Ditadura do Relativismo

Porque a “ditadura do relativismo” é hostil à verdade da fé cristã?

Durante a missa celebrada no início do último conclave, o então cardeal Joseph Ratzinger pronunciou uma homilia centrada na preocupação de conclamar os presentes – em especial os membros do colégio cardinalício – a buscarem uma fé madura, a qual, segundo ele, pressupõe uma profunda amizade com Nosso Senhor Jesus Cristo e implica uma postura de resistência ao que denominou de ‘ditadura do relativismo’, isto é, resistência à preponderância de uma mentalidade que não reconhece referências objetivas de aferição da moralidade e adota o ‘eu’ e seus apetites como critérios supremos.

Os ecos da homilia do cardeal Joseph Ratzinger perpassaram a cobertura dada pela imprensa ao conclave e suscitaram reações as mais diversas nos meios católicos e fora deles. Prevaleceu, contudo, nos círculos intelectuais do ocidente, a percepção de que o então decano do colégio cardinalício cometera erro gravíssimo ao ver na ‘ditadura do relativismo’ uma ameaça ao mundo contemporâneo, quando o fundamentalismo é que deveria ser objeto de suas preocupações.

Alguns dos críticos do cardeal defenderam mesmo que, à medida que invalida as certezas que dão lastro à postura fundamentalista, o relativismo favorece a convivência democrática, o que torna sem sentido a própria expressão ‘ditadura do relativismo’. Subjazem ao debate acerca da ‘ditadura do relativismo’ visões muito diferentes acerca do grau de influência que a fé e a moral cristã devem ter na vida das sociedades.
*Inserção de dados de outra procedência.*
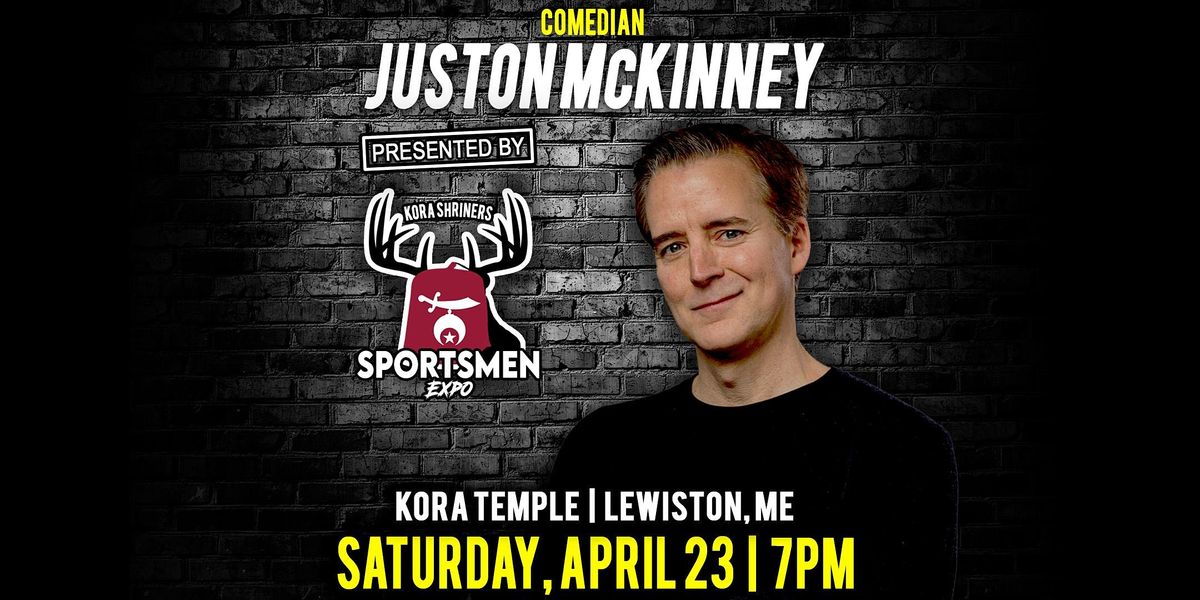 Brought to you by Kora Shriners Sportsmen Expo: Join us with Comedian Juston McKinney at the Kora Temple in Lewiston, Maine on April 23, 2022! There will be a ton of laughter and fun!

O relativismo cultural ocidental fomenta um tipo de mentalidade que é, em grande medida, refratária ao anúncio cristão e representa um complexo desafio a qualquer esforço de evangelização, mesmo em países com longa tradição cristã; enquanto, em parte da Ásia e da África, a difusão do cristianismo é obstaculizada por governos e grupos religiosos intolerantes que, na prática, ignoram a liberdade de culto, dificultam a recepção de missionários e, quando não fomentam, ficam omissos diante de ações persecutórias praticadas contra os cristãos.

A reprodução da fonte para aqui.